Authorize UI: `/login?mode=authorize&serverId=…&returnUrl=…` (also supported on `/register`). Settings → Network shows per-endpoint `Authorized` / `Needs sign-in` badges.

Persisted local user state (`metoyou_currentUserId` + IndexedDB/SQLite profile) is **not** sufficient to use chat or presence. On startup, `loadCurrentUser$` requires a non-expired session token for the user's home signaling server (or any stored token as a fallback).

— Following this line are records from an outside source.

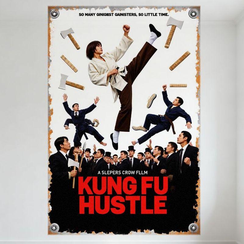 Kung Fu Hustle Stephen Chow Film Metallplåt Skylt Vintage Kampsports Komedi Väggplatta för Hem Bar Café Dekor
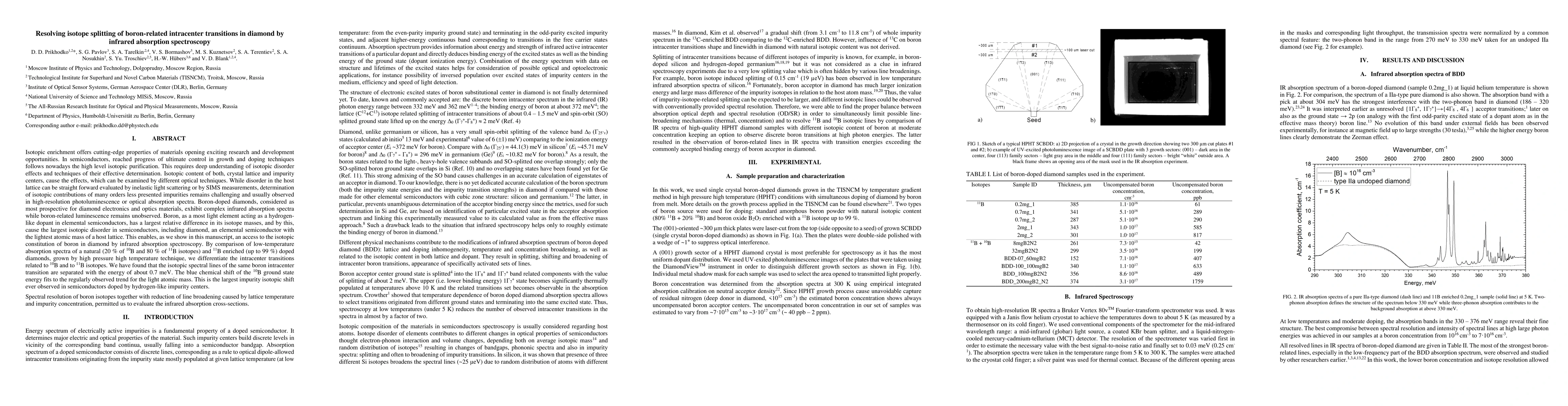 Isotopic enrichment offers cutting-edge properties of materials opening exciting research and development opportunities. In semiconductors, reached progress of ultimate control in growth and doping techniques follows nowadays the high level isotopic purification. This requires deep understanding of isotopic disorder effects and techniques of their effective determination. Isotopic content of both crystal lattice and impurity centers cause the effects, which can be examined by different optical techniques. While disorder in the host lattice can be straight forward evaluated by inelastic light scattering or by SIMS measurements, determination of isotopic contributions of many orders less presented impurities remains challenging and usually observed in high-resolution photoluminescence or optical absorption spectra. Boron-doped diamonds exhibit complex infrared absorption spectra while boron-related luminescence remains unobserved. Boron, as a most light element acting as a hydrogen-like dopant in elemental semiconductors, has a largest relative difference in its isotope masses, and by this, cause the largest isotopic disorder in semiconductors, including diamond, an elemental semiconductor with the lightest atomic mass of a host lattice. This enables an access to the isotopic constitution of boron in diamond by infrared absorption spectroscopy. By comparison of low-temperature absorption spectra of a natural (20% of 10B and 80% of 11B isotopes) and 11B enriched (up to 99%) doped diamonds we differentiate the intracenter transitions related to 10B and to 11B isotopes. We have found that the isotopic spectral lines of the same boron intracenter transition are separated with the energy of about 0.7 meV. This is the largest impurity isotopic shift ever observed in semiconductors doped by hydrogen-like impurity centers.
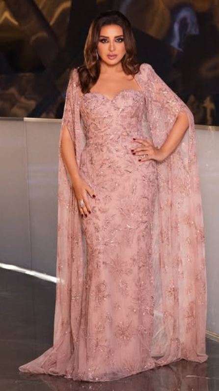 وبدت أنغام بإطلالة ساحرة، مزجت بين الرقي والاناقة في آن واحد، مرتدية فستان طويل مجسم، مطرز بالكامل، صمم من قماش ناعم باللون الوردي.
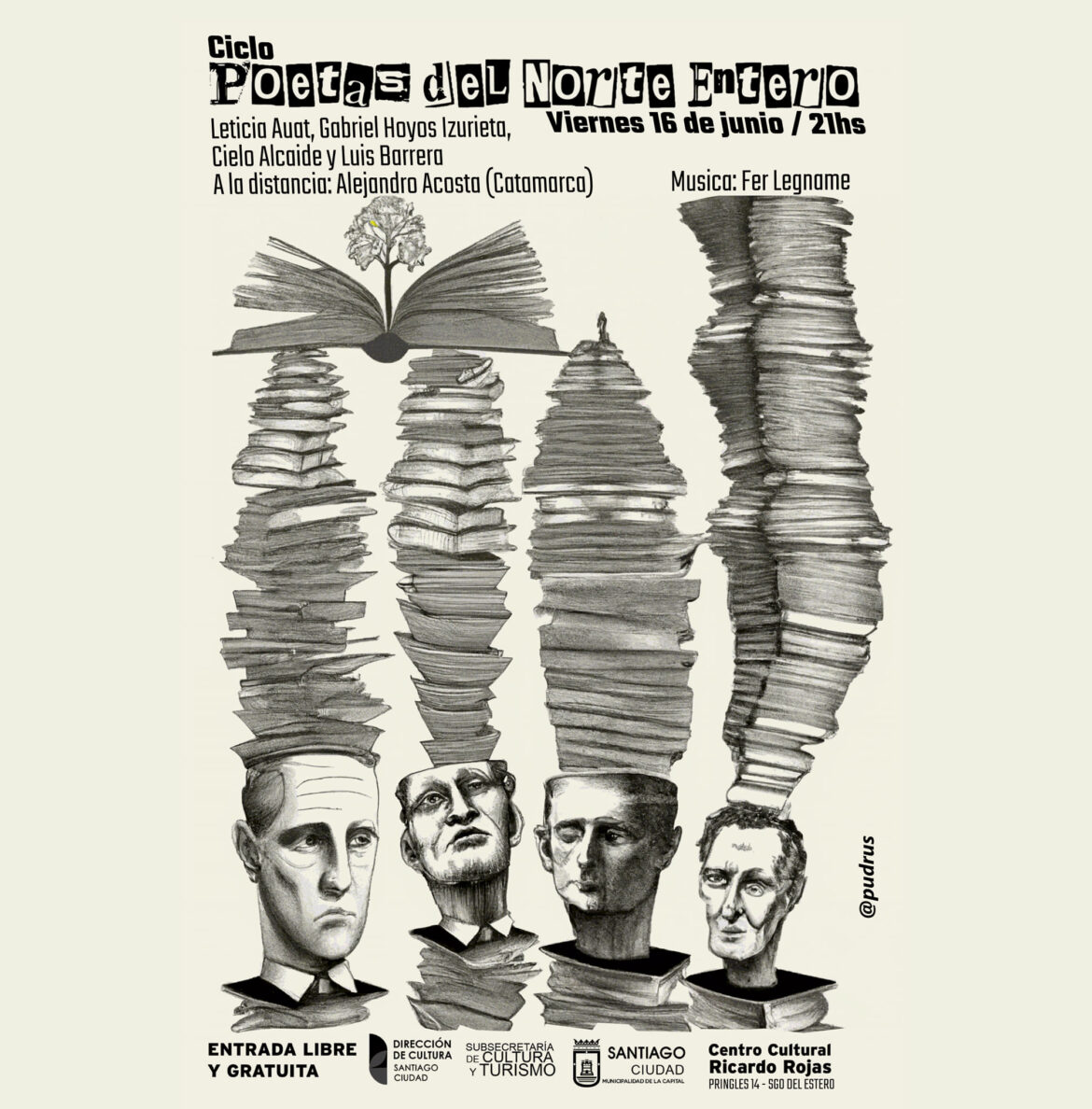 La Dirección de Cultura de la Municipalidad de la Capital realizará este viernes 16 de junio, un nuevo encuentro del ciclo de poesía, ilustración y música, denominado Poetas del Norte Entero. El evento, con entrada libre y gratuita, se llevará a cabo a partir de las 21 horas, en las instalaciones del Centro Cultural Ricardo Rojas, de Libertad y Pringles.

Missing or rejected **home** tokens dispatch `SESSION_EXPIRED` and redirect to `/login`. Foreign-server `auth_required` / `auth_error` responses clear only that server's credential and attempt re-provision.

Startup routing for signed-out visitors is decided by `resolveUnauthenticatedStartupRedirect(currentUrl)` (`auth-navigation.rules.ts`), called from `App.ngOnInit`: any non-public route is redirected to `/login` (carrying a safe `returnUrl`), while public routes (`/login`, `/register`, `/invite/...`) are left alone. This is **platform-agnostic** — mobile is intentionally not special-cased, so a signed-out mobile user is greeted with the login screen on startup rather than a logged-out `/dashboard`.

## Security considerations

- Rate limits: login/register (100 / 15 min), server join (30 / min).
- CORS allowlist: optional `corsAllowlist` in `server/data/variables.json` or `CORS_ALLOWLIST` env (comma-separated). Empty allowlist keeps permissive CORS for local development.
- Push-token routes require bearer auth and user-id match.
- RTC relay: direct-message/direct-call types always relay; server-icon types require shared server membership; WebRTC offer/answer/ice remain open for cross-server DM WebRTC.